The PREDICTIONS section in the Gen Script defines how the dependent c[X]
variables are sampled given the p[X]
model predictions:-
PREDICTIONS: |
p[CEN] = s[CENTRAL]/m[V1]
var = m[ANOISE]**2 + m[PNOISE]**2 * p[CEN]**2
c[DV_CENTRAL] ~ norm(p[CEN], var)
PoPy samples c[DV_CENTRAL]
for each row of the data set, to create a synthetic noisy measurement at each time point for each individual.
Structure of output synthetic data file¶
The c[X]
variables are saved to disk. For an example data file see First order absorption model with peripheral compartment. The first few lines of the ‘synthetic_data.csv’ are shown in (Table 31) below:-
TIME | ID | TYPE | AMT | DV_CENTRAL | DV_CENTRAL_FLAG | orig_data_row |
---|---|---|---|---|---|---|
2 | 1 | dose | 100 | 0.00139195005429 | 0 | 0 |
10.0120217722 | 1 | obs | 100 | 0.767596122748 | 1 | 1 |
11.0234536491 | 1 | obs | 100 | 0.916342367898 | 1 | 2 |
16.5024021745 | 1 | obs | 100 | 1.10684285134 | 1 | 3 |
28.818526425 | 1 | obs | 100 | 0.49698816377 | 1 | 4 |
46.551188548 | 1 | obs | 100 | 0.337495686522 | 1 | 5 |
2 | 2 | dose | 100 | 0.000571825928645 | 0 | 0 |
30.181690446 | 2 | obs | 100 | 0.655361728134 | 1 | 1 |
33.0056777467 | 2 | obs | 100 | 0.549247391453 | 1 | 2 |
… | … | … | … | … | … | … |
This shows some of the typical properties of PoPy’s PoPy Data Format, where the main fields are:-
- TYPE - Specifies either a dose or an observation row.
- ID - The identifier for a given subject.
- TIME - The time stamp of the row event.
- AMT - The size of the dose at a given time.
- DV_CENTRAL - The synthetic observed values.
- DV_CENTRAL_FLAG - Indicates valid measurement rows, 1=valid 0=ignore.
- orig_data_row - The data row number within an individual subject.
Controlling Random Seed in PoPy scripts¶
Note that the .csv data file generated by Gen Script on your own machine, will likely contain different values due to the random sampling of random effect realizations and then random noise added to each observation.

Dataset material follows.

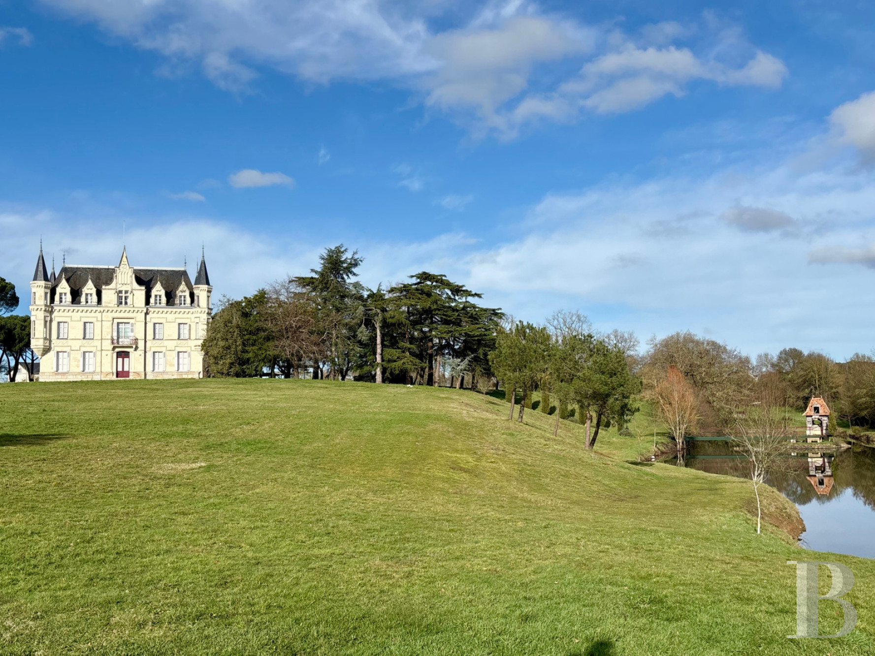 Il est jalonné de nombreuses essences, dont des cèdres, des chênes, des tilleuls, des marronniers, des pins ou encore des cyprès. Certains sujets sont plus que centenaires. L'ensemble comprend un plan d’eau artificiel de plus de 7000 m², relié au château par un escalier en gradins qui dessert, au passage, une petite gloriette au toit de tuiles, installée sur une île accessible par une passerelle. Une serre est implantée dans la partie ouest du parc, de même qu’un puits coiffé d'un toit à l’impériale en ardoise, posé sur quatre piliers en granit. Environ 1 ha sur les 7 est constructible.Ce que nous en pensons

If you wish to obtain new random results each time your re-run the Gen Script then change the ‘rand_seed’ option to ‘auto’ as follows:-
METHOD_OPTIONS: {rand_seed: auto}
However if you re-run the Gen Script with a fixed number, you should obtain exactly the same results on your machine as before, due to this setting:-
METHOD_OPTIONS: {rand_seed: 12345}
Using a fixed number for the ‘rand_seed’ makes any sampling process in PoPy replicable.